Oh, and I guess I’ll stay back on for the time being, too.

Meh.

Why Linux won’t “conquer the desktop” (for the next decade)

I don’t think most people these days know that Linux is only a kernel.

I mean, sure, its great that GNU/Linux (that is, GNU *plus* the Linux monolithic kernel) has been ported to so many devices and hardware platforms, but I think that that’s probably the (or a) basis for the reason(s) why you won’t be hearing about a single “killer desktop distro” coming out of the GNU/Linux platform anytime in the near future.

Because GNU/Linux was not made for the common desktop from the onset, we’ve only seen a recent spate of GNU/Linux distributions which have been aimed for that particular audience, which is currently dominated by Windows and Mac OS X (both of which have long scored with hardware. UPnP, anyone?). Plus, because there is such a plethora of distributions already (which should go without saying for the desktop-oriented distros, such as Ubuntu), desktop users will have a hard time figuring out exactly which one they would want to try out. After all, probably the vast majority of Windows users aren’t geeks who will take time to even install software at any rate (like my oldest Sis, although its understandable since her ex-husband lent an HP Pavilion to her and because it has only a tiny bit of RAM).
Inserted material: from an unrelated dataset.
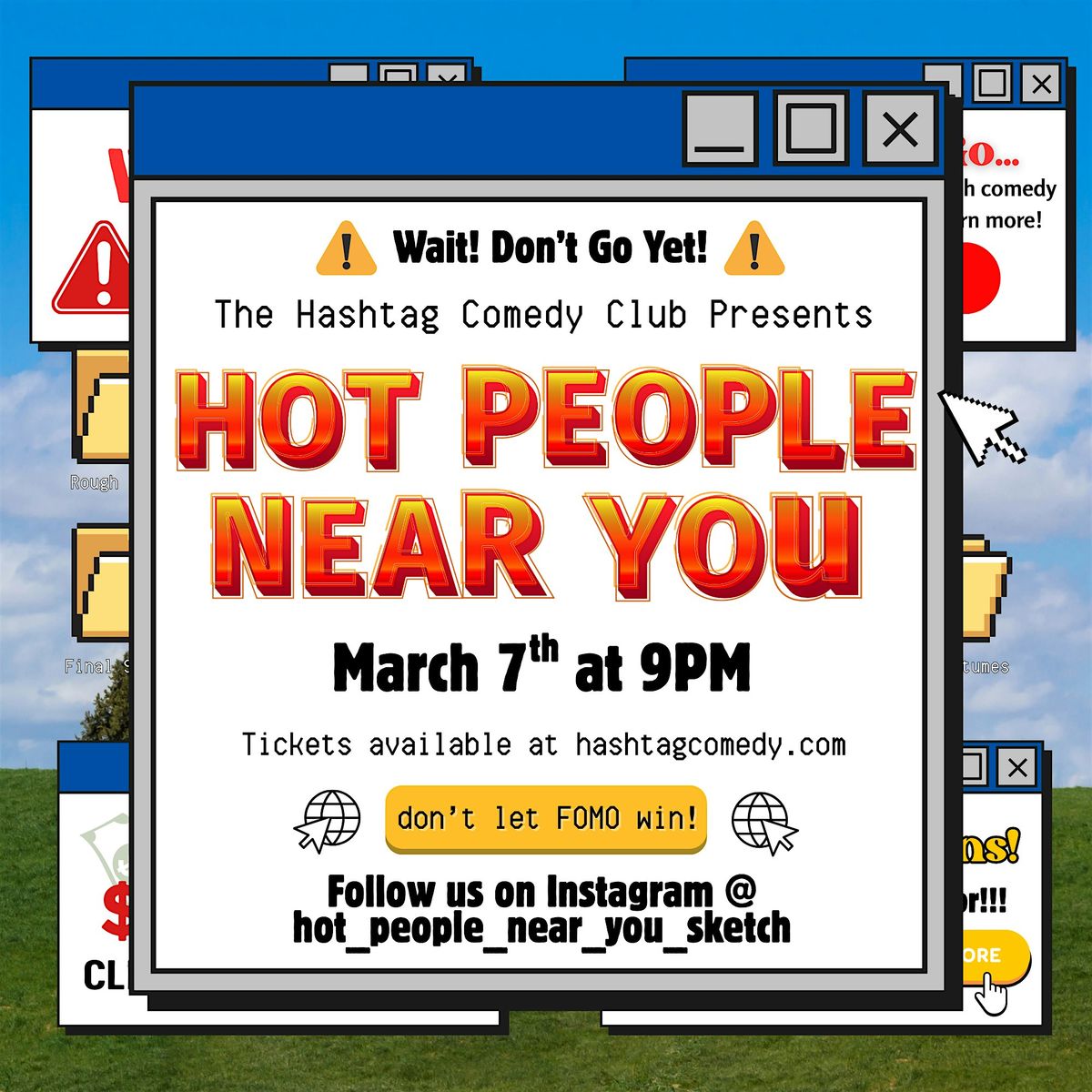 This is the show for you!"Hot People Near You" is presented by Hashtag Comedy Company and combines the talents of sketch/improv players from current and former comedy groups including: Monday Night Live, Actual Wolves, Backburner Comedy, Artificial Idiocy and more!

Frankly, if there is going to be a large-scale collective movement of the GNU/Linux operating platform to the desktop/laptop, they’ll have to withdraw from the longstanding stereotypes and barriers which have hindered such efforts in the past. I’d actually say that the Desktop/Laptop GNU/Linux distribution which could make the largest killing on its target area will look, act, and feel alot more different from the present-day Ubuntu.

Maybe its Symphony OS? Or what about ELive?

Maybe even one that natively uses Sun’s Looking Glass Project?

I dunno….give them a few years to develop and we’ll see.